═══ Study material ═══

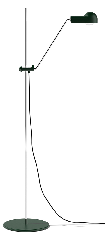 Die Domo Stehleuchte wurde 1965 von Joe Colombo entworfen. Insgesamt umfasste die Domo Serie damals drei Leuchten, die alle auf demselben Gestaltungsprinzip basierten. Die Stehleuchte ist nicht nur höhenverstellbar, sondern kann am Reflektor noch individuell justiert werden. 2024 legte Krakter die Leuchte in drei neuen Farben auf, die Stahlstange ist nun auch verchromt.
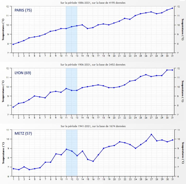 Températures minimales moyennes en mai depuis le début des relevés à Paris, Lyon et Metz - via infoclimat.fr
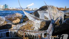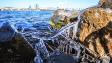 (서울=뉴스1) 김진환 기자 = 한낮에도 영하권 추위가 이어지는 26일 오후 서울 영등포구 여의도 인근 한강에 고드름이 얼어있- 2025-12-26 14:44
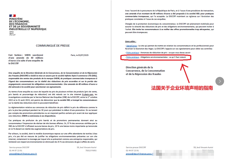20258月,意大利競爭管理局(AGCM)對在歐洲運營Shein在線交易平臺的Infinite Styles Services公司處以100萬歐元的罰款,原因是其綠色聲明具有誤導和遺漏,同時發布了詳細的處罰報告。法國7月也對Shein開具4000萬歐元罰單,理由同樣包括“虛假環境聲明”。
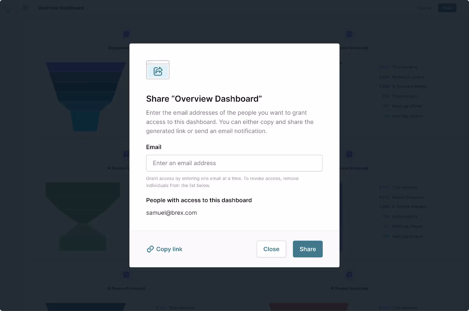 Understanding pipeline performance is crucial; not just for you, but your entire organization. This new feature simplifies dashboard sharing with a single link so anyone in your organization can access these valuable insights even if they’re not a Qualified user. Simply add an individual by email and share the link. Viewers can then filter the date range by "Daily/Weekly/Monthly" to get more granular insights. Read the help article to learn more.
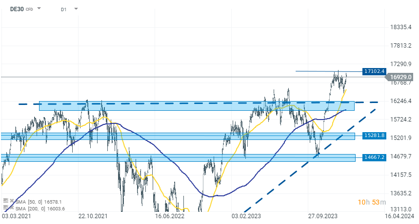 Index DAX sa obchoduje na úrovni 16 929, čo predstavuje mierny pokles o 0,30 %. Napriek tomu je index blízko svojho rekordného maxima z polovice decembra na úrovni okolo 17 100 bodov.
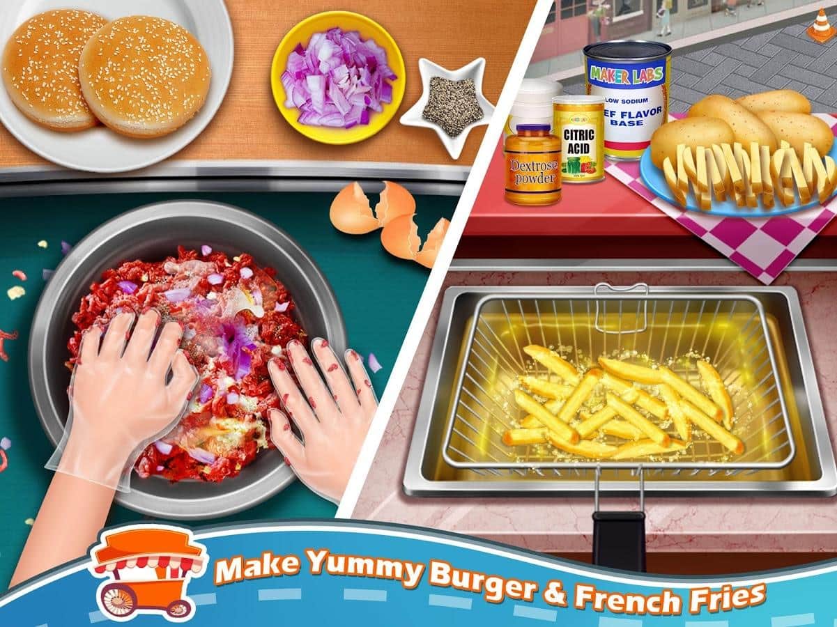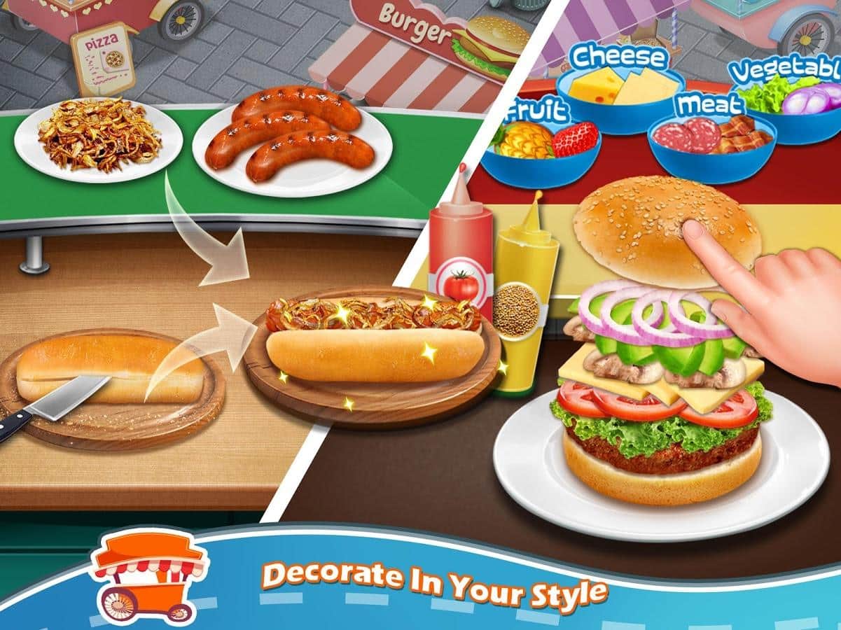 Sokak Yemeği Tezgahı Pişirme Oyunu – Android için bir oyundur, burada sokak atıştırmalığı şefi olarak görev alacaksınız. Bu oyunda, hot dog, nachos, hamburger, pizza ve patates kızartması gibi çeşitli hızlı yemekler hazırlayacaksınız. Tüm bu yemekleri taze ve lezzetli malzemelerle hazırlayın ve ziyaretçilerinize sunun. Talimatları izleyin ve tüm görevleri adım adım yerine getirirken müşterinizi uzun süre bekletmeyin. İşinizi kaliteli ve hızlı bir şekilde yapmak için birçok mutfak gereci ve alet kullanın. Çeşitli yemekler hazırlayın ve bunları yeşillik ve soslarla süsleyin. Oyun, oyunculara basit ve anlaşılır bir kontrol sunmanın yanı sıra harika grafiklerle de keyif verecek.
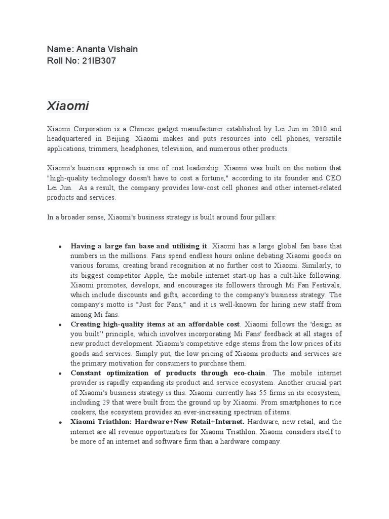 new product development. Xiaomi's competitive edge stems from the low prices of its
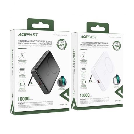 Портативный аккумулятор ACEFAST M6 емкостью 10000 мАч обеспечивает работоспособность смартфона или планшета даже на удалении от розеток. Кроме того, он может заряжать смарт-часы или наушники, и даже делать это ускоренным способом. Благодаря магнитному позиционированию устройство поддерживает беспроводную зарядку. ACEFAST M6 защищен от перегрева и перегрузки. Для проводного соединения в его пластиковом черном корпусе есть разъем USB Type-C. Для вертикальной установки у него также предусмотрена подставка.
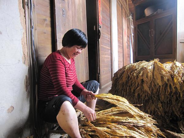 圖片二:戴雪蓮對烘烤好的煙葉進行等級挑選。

═══

▶ **Directions for this task**
From the records above, quote word for word only the lines beginning at the line that has "(서울=뉴스1) 김진환 기자" and stopping after the line that has "Index DAX sa". Omit the pictures.

▶ **Expected output**
 (서울=뉴스1) 김진환 기자 = 한낮에도 영하권 추위가 이어지는 26일 오후 서울 영등포구 여의도 인근 한강에 고드름이 얼어있- 2025-12-26 14:44
20258月,意大利競爭管理局(AGCM)對在歐洲運營Shein在線交易平臺的Infinite Styles Services公司處以100萬歐元的罰款,原因是其綠色聲明具有誤導和遺漏,同時發布了詳細的處罰報告。法國7月也對Shein開具4000萬歐元罰單,理由同樣包括“虛假環境聲明”。
 Understanding pipeline performance is crucial; not just for you, but your entire organization. This new feature simplifies dashboard sharing with a single link so anyone in your organization can access these valuable insights even if they’re not a Qualified user. Simply add an individual by email and share the link. Viewers can then filter the date range by "Daily/Weekly/Monthly" to get more granular insights. Read the help article to learn more.
 Index DAX sa obchoduje na úrovni 16 929, čo predstavuje mierny pokles o 0,30 %. Napriek tomu je index blízko svojho rekordného maxima z polovice decembra na úrovni okolo 17 100 bodov.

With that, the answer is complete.